Nashorn allows me to evaluate a JavaScript in a new scope, like this:
public Object evalInNewScope(String code, Bindings bindings) throws Exception {
ScriptContext context = new SimpleScriptContext();
context.setBindings(bindings, ScriptContext.ENGINE_SCOPE);
return engine.eval(code, context);
}
This is great for thread-safety: The engine instance may be re-used across threads, and each thread can make its own call with thread-specific bindings.
However, I have not found a similar capability for Invocable#invokeFunction(String, Object...)
.
Does anyone know how I could do what I want? Is there a good reason for this asymmetry?
invokeFunction
calls functions only from current context, you cannot provide a context directly.
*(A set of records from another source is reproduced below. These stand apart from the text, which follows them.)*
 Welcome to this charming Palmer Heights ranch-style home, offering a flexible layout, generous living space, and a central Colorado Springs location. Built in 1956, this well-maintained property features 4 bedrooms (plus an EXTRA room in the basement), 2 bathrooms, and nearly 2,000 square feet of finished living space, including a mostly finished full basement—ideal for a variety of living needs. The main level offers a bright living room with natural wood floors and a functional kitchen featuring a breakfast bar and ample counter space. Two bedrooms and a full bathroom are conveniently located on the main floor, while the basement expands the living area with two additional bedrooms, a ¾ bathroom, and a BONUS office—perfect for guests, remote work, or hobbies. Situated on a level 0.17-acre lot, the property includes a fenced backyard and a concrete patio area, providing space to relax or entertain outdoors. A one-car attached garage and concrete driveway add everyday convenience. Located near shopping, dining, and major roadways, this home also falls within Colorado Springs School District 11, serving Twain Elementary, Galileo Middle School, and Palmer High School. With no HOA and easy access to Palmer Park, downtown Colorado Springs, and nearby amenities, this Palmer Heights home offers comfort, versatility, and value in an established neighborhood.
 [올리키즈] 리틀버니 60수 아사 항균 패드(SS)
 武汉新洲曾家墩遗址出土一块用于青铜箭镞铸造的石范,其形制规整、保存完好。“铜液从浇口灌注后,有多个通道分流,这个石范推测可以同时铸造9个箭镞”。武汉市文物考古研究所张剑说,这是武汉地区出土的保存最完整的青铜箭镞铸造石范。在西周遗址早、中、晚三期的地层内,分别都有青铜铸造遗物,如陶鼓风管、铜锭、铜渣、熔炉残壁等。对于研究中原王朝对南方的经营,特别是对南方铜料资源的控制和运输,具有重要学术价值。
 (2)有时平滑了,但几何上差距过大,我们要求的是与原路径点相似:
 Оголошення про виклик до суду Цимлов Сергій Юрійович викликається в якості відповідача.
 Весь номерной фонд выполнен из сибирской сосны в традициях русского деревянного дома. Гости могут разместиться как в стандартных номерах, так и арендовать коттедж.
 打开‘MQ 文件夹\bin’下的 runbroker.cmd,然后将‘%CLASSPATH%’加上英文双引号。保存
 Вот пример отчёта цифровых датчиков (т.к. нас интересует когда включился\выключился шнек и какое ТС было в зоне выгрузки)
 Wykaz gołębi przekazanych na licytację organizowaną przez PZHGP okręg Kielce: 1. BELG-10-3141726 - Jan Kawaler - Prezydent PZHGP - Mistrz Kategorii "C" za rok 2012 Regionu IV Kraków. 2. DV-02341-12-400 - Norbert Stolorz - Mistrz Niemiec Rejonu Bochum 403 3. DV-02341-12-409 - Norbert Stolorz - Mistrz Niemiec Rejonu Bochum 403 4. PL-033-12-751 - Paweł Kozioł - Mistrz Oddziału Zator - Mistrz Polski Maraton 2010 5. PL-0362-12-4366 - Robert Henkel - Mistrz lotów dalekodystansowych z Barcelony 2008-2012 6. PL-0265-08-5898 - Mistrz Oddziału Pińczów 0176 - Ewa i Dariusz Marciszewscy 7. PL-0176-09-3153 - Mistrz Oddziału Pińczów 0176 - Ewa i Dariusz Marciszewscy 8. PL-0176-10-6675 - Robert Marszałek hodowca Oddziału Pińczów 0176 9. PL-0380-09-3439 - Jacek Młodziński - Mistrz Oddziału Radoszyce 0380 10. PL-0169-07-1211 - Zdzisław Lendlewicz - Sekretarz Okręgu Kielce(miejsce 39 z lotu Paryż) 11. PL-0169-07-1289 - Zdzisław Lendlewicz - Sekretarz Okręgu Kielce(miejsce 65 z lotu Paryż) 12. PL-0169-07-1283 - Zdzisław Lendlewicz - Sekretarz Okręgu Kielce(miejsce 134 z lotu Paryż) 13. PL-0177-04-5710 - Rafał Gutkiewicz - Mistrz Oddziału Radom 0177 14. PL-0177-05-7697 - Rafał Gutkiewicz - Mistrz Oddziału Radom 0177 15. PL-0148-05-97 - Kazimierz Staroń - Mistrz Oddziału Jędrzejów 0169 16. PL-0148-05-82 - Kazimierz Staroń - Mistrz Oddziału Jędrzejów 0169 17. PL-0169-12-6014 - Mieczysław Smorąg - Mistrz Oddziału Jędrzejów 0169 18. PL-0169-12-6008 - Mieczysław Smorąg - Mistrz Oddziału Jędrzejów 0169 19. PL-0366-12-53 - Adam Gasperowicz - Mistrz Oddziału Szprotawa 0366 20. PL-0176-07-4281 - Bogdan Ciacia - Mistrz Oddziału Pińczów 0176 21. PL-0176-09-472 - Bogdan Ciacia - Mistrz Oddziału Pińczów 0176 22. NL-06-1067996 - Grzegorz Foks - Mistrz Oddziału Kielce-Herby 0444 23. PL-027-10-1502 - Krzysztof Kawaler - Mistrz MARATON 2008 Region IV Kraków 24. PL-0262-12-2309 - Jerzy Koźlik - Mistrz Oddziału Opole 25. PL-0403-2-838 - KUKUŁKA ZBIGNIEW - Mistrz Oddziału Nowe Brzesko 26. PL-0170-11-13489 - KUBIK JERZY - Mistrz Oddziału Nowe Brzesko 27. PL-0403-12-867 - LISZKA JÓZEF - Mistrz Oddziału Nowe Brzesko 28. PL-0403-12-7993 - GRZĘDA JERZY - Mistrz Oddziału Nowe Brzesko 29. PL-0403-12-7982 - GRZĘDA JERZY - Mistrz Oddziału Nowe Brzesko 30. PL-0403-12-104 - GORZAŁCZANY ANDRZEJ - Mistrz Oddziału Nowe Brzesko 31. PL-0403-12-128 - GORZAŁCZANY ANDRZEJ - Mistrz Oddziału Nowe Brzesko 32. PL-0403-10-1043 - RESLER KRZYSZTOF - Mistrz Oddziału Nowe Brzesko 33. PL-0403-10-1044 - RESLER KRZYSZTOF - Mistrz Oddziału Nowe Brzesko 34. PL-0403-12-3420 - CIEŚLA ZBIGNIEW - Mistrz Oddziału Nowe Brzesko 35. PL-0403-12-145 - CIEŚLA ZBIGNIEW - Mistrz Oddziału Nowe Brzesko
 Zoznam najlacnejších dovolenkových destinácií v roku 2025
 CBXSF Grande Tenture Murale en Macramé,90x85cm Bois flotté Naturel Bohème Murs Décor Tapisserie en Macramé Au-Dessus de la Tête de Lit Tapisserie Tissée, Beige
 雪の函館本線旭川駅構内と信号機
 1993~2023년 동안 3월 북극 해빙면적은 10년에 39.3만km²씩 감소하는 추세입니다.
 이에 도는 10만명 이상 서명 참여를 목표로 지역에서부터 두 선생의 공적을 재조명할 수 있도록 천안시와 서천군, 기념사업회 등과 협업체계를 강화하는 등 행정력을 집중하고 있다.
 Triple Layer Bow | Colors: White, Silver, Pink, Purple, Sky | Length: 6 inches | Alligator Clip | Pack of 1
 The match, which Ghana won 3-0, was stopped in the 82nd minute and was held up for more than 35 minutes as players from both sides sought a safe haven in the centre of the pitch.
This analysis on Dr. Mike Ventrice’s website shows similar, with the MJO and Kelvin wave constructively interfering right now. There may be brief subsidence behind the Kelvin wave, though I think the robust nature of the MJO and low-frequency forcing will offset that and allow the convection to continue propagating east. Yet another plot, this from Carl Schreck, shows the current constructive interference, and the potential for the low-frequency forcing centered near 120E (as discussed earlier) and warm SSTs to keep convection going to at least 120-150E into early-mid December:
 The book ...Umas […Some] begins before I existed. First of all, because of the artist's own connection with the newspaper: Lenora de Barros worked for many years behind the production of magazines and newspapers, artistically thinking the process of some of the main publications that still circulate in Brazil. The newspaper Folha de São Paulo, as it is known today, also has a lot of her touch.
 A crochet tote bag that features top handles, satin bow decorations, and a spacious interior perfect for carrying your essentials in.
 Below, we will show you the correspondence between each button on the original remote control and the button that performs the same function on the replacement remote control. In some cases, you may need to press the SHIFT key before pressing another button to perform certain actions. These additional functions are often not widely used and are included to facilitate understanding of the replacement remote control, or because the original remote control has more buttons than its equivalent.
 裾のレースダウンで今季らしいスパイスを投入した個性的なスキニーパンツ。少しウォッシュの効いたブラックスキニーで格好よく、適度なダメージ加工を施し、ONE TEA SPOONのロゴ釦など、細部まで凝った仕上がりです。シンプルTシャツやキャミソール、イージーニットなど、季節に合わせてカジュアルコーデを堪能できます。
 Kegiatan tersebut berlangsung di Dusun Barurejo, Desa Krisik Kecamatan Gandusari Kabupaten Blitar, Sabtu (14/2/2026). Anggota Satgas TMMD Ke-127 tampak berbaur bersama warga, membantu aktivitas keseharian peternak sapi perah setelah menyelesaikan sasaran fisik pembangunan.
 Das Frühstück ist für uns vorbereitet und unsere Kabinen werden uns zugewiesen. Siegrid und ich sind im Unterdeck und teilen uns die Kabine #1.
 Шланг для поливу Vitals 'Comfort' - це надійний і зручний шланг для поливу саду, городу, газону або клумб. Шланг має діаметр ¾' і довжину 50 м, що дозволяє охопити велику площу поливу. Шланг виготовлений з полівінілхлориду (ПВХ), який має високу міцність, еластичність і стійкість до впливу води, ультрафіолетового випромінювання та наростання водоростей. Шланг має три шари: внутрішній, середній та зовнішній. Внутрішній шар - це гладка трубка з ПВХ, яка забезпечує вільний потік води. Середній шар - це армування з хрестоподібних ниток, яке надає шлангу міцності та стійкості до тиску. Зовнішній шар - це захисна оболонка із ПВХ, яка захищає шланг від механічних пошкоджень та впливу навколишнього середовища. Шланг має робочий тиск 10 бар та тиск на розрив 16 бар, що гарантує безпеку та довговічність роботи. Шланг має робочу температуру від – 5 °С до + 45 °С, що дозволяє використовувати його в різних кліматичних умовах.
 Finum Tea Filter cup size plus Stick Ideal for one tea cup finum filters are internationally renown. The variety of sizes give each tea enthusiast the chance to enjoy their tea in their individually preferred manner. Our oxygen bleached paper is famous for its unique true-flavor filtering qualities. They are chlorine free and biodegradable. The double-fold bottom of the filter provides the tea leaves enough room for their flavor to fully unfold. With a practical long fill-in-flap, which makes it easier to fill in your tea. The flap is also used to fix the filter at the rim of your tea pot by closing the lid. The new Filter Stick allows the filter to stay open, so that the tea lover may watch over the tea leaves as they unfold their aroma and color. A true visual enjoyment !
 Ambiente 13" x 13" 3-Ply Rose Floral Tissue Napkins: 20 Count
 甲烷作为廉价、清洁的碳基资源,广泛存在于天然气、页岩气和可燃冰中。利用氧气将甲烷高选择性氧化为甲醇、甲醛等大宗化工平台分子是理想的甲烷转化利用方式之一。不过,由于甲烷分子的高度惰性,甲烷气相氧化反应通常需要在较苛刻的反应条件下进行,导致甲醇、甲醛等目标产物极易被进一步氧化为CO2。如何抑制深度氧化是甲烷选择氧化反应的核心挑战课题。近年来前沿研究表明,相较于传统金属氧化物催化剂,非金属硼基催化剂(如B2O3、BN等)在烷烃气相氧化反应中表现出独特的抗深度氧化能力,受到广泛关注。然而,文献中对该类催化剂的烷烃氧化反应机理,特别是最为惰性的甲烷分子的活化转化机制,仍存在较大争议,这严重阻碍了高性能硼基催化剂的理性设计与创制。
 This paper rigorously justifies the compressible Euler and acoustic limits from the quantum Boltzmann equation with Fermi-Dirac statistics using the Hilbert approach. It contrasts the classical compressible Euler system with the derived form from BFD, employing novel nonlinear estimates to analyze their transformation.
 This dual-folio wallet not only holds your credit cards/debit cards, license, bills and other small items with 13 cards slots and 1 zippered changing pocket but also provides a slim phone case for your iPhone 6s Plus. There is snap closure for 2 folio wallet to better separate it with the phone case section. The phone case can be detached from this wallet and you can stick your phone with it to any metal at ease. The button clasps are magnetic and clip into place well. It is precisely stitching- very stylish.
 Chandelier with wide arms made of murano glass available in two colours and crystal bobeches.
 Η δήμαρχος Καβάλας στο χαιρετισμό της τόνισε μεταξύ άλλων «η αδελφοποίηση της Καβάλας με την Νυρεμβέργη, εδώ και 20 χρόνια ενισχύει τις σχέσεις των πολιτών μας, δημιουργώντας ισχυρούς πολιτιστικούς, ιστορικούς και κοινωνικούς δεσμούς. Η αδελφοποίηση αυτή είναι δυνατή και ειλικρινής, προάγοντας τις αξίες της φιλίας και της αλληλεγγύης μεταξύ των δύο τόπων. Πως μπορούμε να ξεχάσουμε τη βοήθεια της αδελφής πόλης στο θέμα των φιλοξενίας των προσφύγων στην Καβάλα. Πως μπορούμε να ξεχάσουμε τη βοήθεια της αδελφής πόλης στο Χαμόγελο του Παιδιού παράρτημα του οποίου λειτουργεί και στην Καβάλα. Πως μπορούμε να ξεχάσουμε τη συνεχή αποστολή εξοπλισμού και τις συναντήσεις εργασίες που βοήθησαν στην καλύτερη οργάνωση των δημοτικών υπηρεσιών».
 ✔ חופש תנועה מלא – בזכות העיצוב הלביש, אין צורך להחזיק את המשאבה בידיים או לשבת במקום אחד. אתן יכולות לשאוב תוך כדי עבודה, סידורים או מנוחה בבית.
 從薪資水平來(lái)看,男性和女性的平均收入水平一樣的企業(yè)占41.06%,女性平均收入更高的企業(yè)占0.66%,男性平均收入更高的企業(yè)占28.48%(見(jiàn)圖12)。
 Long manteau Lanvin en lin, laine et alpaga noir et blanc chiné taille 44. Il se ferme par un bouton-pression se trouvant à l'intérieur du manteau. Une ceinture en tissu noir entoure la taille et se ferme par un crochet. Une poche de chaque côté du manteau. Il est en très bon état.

ScriptEngineManager manager = new ScriptEngineManager();
ScriptEngine engine = manager.getEngineByName("nashorn");
ScriptContext ctx = new SimpleScriptContext();
ctx.setBindings(engine.createBindings(), ScriptContext.ENGINE_SCOPE);
engine.eval("function hello() { return 'Hello!'; }", ctx);
engine.setContext(ctx);
((Invocable) engine).invokeFunction("hello");
Removing the engine.setContext(ctx)
line would result in a java.lang.NoSuchMethodException: No such function hello
exception.
Depending on your situation, you may have to re-set the original context!